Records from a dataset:
########

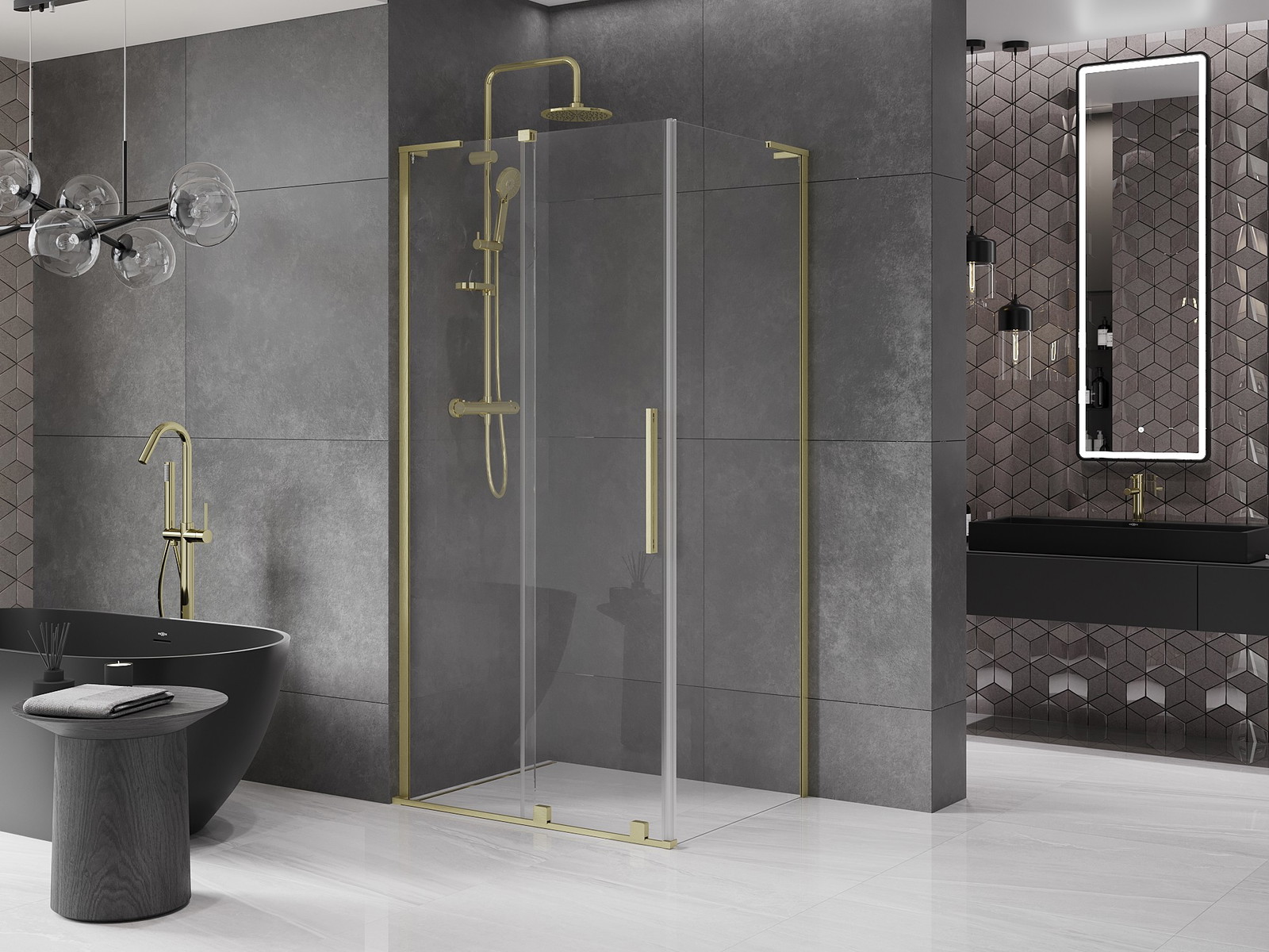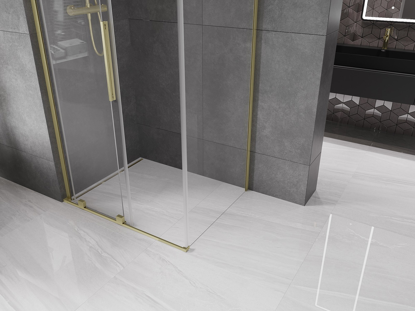 Mexen Velar L stumdoma dušo kabina 90 x 70 cm, skaidrus, šlifuotas auksas - 871-090-070-03-55
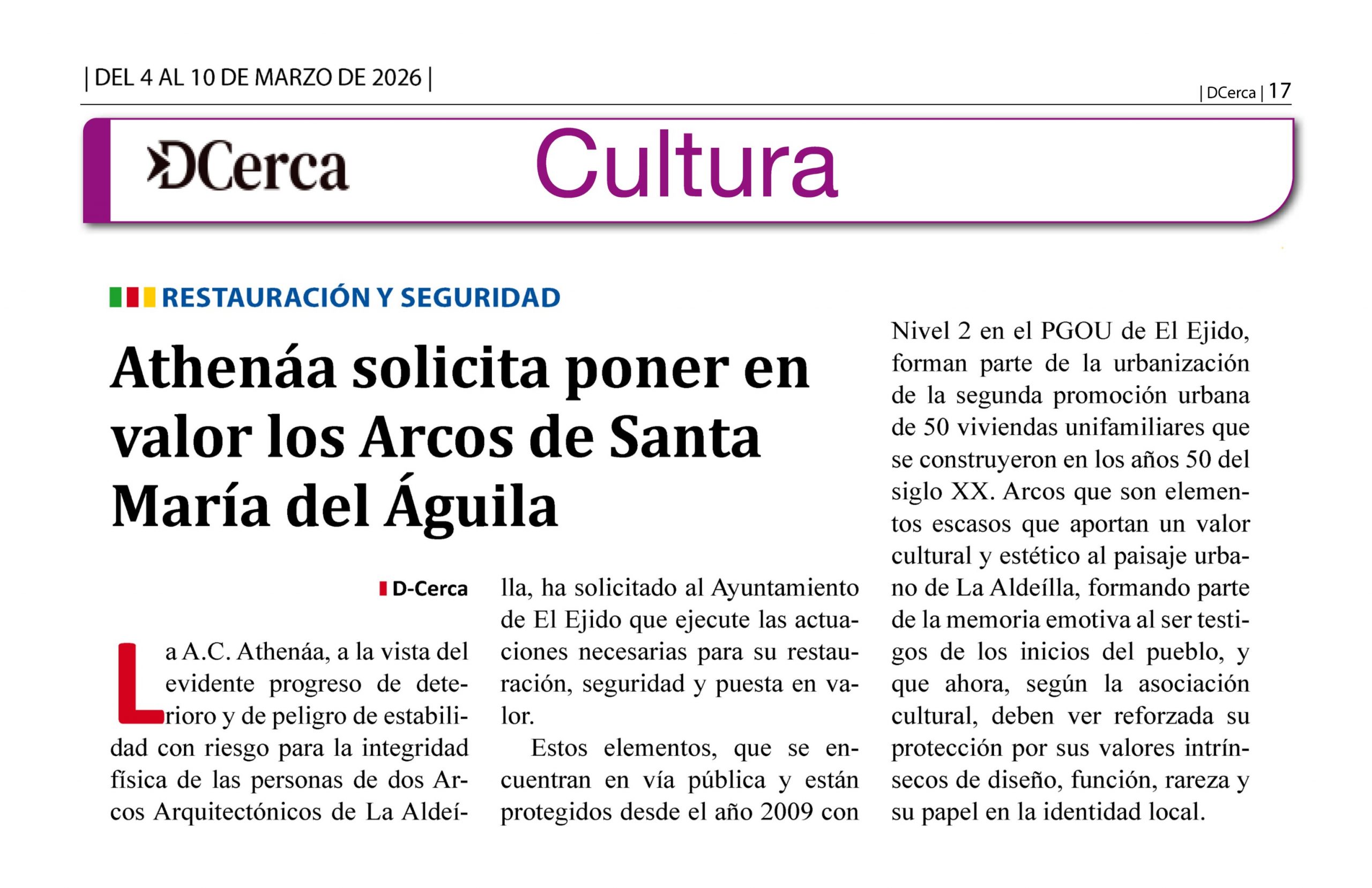 «Athenáa solicita poner en valor los Arcos de Santa María del Águila».
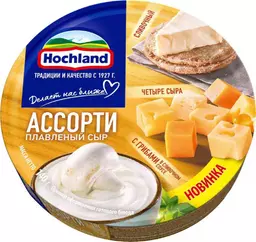 Сыр плавленый Hochland Желтое ассорти - Cливочный, Четыре сыра, C грибами в сливочном соусе 50%, 140г
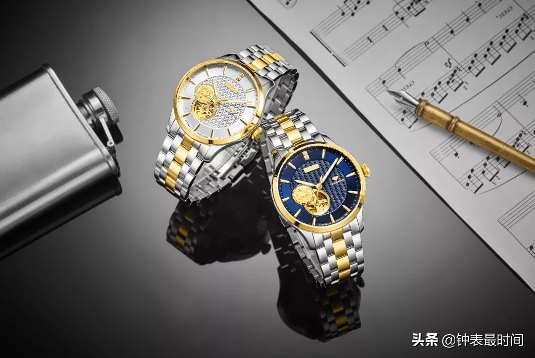 表盘镂空 2颗真钻;白面金钉/蓝面金钉
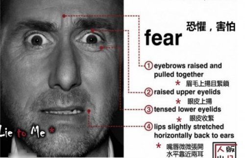 害怕时,嘴巴和眼睛张开,眉毛上扬,鼻孔张大
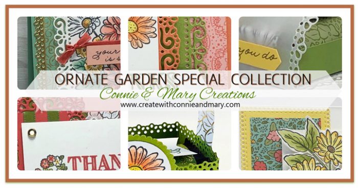 Feel free to use these cards and tutorials for you own personal use, for classes or workshops. You may NOT resell our tutorials OR include them as an incentive with purchase. Please respect our artistic copyrights and that the designs shared in our collections are the property of Create with Connie and Mary as are all photographs. Cropping our photos or removing our watermarks for your personal use or in your business is strictly prohibited. Please do not post our collection ideas to ANY public forum. You are welcome to send your own card photos using these ideas to your personal customers via email or newsletter only to advertise your class. We kindly ask that you do not submit these cards to any other publication or contest. This includes any Stampin’ Up! event or any online or paper magazine’s contests and publications.

########

# What you need to do:
The expected output is an exact copy of the lines from the top of the data above through the line containing "Сыр плавленый Hochland", both included, with every picture omitted.

# Result of this exercise:
 Mexen Velar L stumdoma dušo kabina 90 x 70 cm, skaidrus, šlifuotas auksas - 871-090-070-03-55
 «Athenáa solicita poner en valor los Arcos de Santa María del Águila».
 Сыр плавленый Hochland Желтое ассорти - Cливочный, Четыре сыра, C грибами в сливочном соусе 50%, 140г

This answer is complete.